From: Ian Schram <ischram@telenet.be>
To: Linux Kernel Mailing List <linux-kernel@vger.kernel.org>
Cc: xiaoguangrong@cn.fujitsu.com
Subject: perf_copy_attr pointer arithmetic weirdness
Date: Fri, 18 Sep 2009 21:26:26 +0200 [thread overview]
Message-ID: <4AB3DEE2.3030600@telenet.be> (raw)
There is some -to me at least- weird code in per_copy_attr. Which supposedly
checks that all bytes trailing a struct are zero.
It doesn't seem to get pointer arithmetic right. Since it increments
an iterating pointer by sizeof(unsigned long) rather than 1.
I believe this has an impact on the exploitability of the recent buffer overflow
in the perf_copy_attr function. I'm pretty sure I'm not the only one who noticed
this, but i couldn't find it being mentioned. For some reason people prefer
mmaping something at zero these days?
I have appended a patch locating the issue. The PTR_ALIGN stuff right above it
doesn't seem to take any boundary conditions into account which is probably not
a good thing either.
(I'm not subscribed, please add me in CC.)

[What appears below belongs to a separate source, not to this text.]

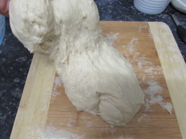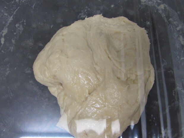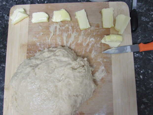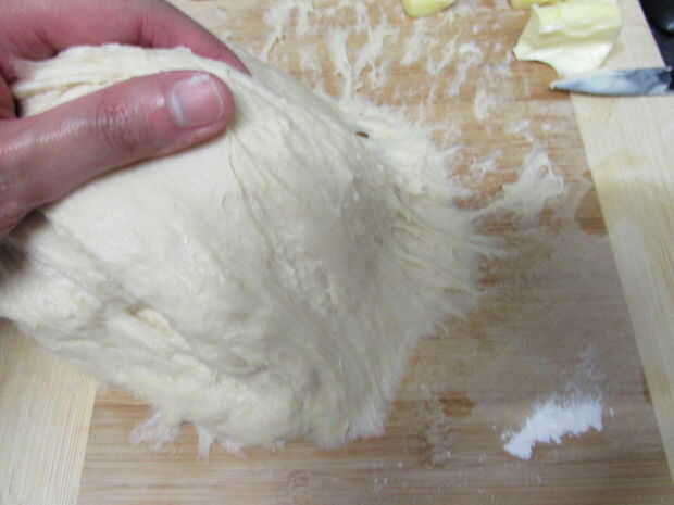 Después de 10 minutos de amasado, corte la mantequilla sin sal a pedazos. Incorporar la mantequilla uno a la vez amasando la masa. Después se amasa la mantequilla en, se nota que la masa no se pegue a la superficie y es bastante brillante (cuadro 6). Vuelva a colocar la masa en un tazón ligeramente engrasado y cubrir con una toalla de cocina y abrigo de aferrarse. Dejar leudar 1 hora.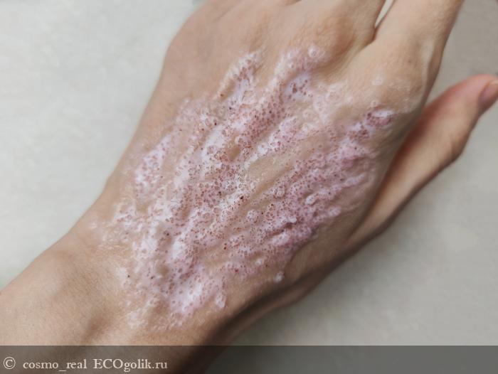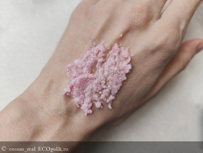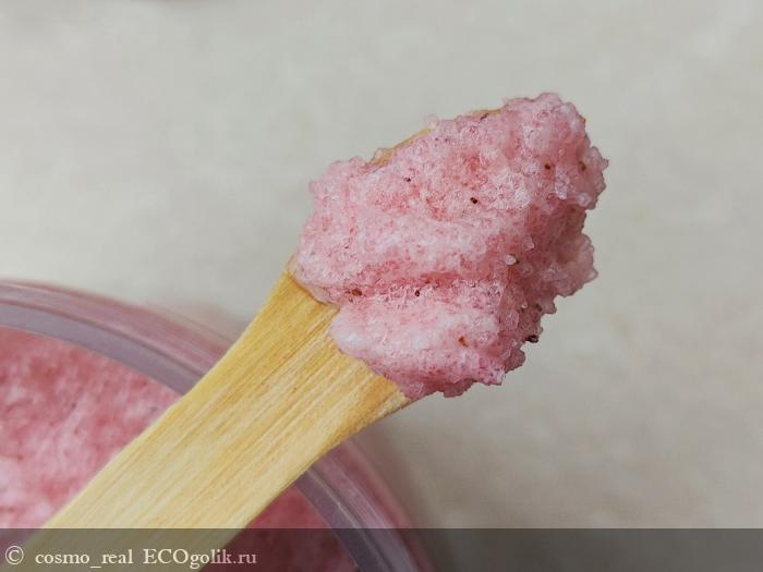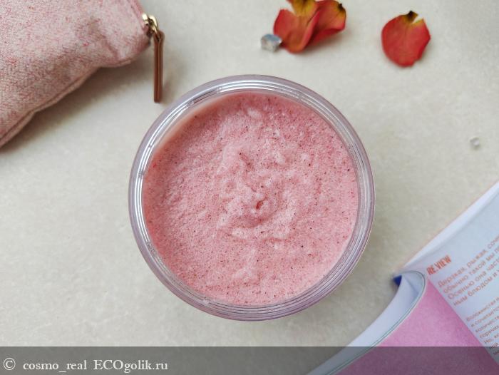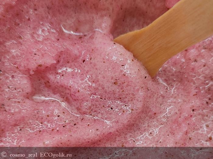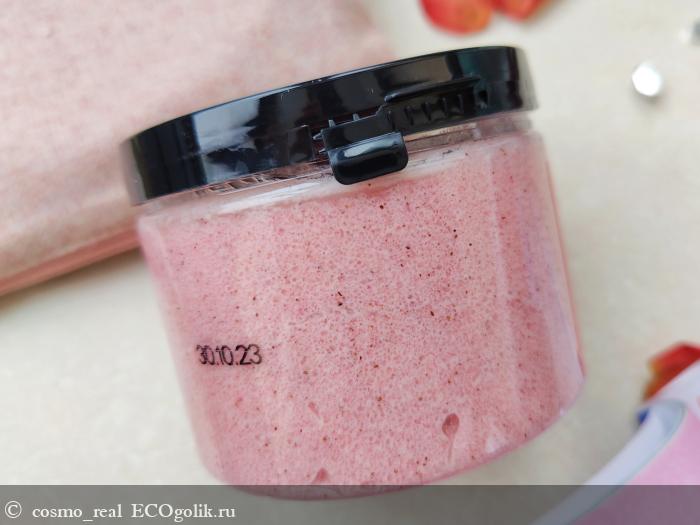 Консистенция у скраба обалденная: нежное клубничное сорбе с мелкими гранулами сахара и скорлупы фундука. Выглядит аппетитно!

signed-of-by Ian Schram <ischram@telenet.be>
diff --git a/kernel/perf_counter.c b/kernel/perf_counter.c
index 8cb94a5..9c7590e 100644
--- a/kernel/perf_counter.c
+++ b/kernel/perf_counter.c
@@ -4208,7 +4208,7 @@ static int perf_copy_attr(struct perf_counter_attr __user *uattr,
end = PTR_ALIGN((void __user *)uattr + size,
sizeof(unsigned long));
- for (; addr < end; addr += sizeof(unsigned long)) {
+ for (; addr < end; ++addr) {
ret = get_user(val, addr);
if (ret)
return ret;
next reply other threads:[~2009-09-18 19:26 UTC|newest]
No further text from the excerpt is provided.